According to the Infrastructure Report Card from the American Society of Civil Engineers, New York’s waste water infrastructure needs an investment of $21.82 billion over the next 20 years to avoid failure. Just to emphasize the point in Bay Ridge Brooklyn not far from where I once lived in the 1970’s, the street suddenly caved in on August 1st and a 30 foot wide, 10 foot deep sinkhole appeared. This was the second sinkhole in this neighborhood of Brooklyn this year. The earlier sinkhole was twice as large.

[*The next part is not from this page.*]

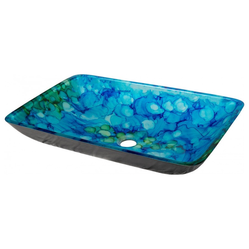 The Eden Bath Blue and Green Water Lilies Above Counter Rectangular Tempered Glass Vessel Sink features a rectangular shape that gently slopes upward with rounded corners. It has a solid black exterior, which strikingly contracts with the and blue and green drops of varying sizes, shapes and shades, reminiscent of a water lilies painting. It would be a lovely burst of color for a guest or master bath. The sink interior and exterior are both smooth. This sink has a flat top rim so it could also be under mounted and it it could also be semi-recessed in additional to vessel mounting. Each glass vessel sink is made of high quality tempered glass. We recommend that you also purchase a mounting ring and drain with your glass bathroom sink bowl in the same finish of your faucet.

The city of New York immediately began repairs. According to the City, the sinkhole was caused by a 112 year old sewer pipe that gave way and washed away the soil under the road. The sewer pipe had no doubt been failing for a long time to erode that much soil.

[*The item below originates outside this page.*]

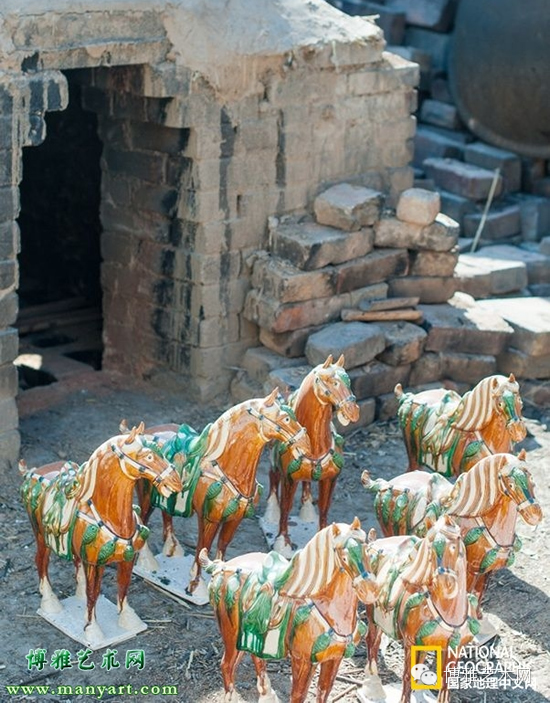 掛上釉色以後,便進入第二次燒造,稱“釉燒”。在900℃的高溫中,這些釉料的顏色發生奇妙的變化,在烈火的烘烤之下,黃、綠、褐等顏色釉被表現得絢麗多姿,它們自然垂流,相互交融,顏色在泥胎上奔跑,如同它誕生的那個時代那樣自由而奔放。

Picture by CBS 2 Bay Ridge, Brooklyn sinkhole

The pipes made early in the 20th century were rated for an 80 year life span. New York sewer piping systems have reached the end of their design lives, but there are no plans of a replacement and upgrade of the system. There has been no systematic replacement program. New York has kept the sewer system alive by repairing what breaks after it breaks and spraying it’s mains with concrete. When the sewer systems were built in the 19th and 20th centuries, the Boroughs of New York still had autonomy and financed and built their own systems to address the problem in the least expensive way, by using a combined storm and sanitary sewer system. The Manhattan and Brooklyn systems were built around the same time modeling the designs of Hamburg, Germany. Nonetheless, the sewers were never designed for the ages, they need to be maintained and upgraded. New York and most of the United States has not maintained and upgraded our sewer systems. According to the U.S. Environmental Protection Agency, EPA, by 2020 half the sewer pipes in the U.S. will be crumbling and the U.S. risks reversing public health, and environmental gains of the past three decades.(Rose George in The Big Necessity, The Unmentionable World of Human Waste and Why it Matters.)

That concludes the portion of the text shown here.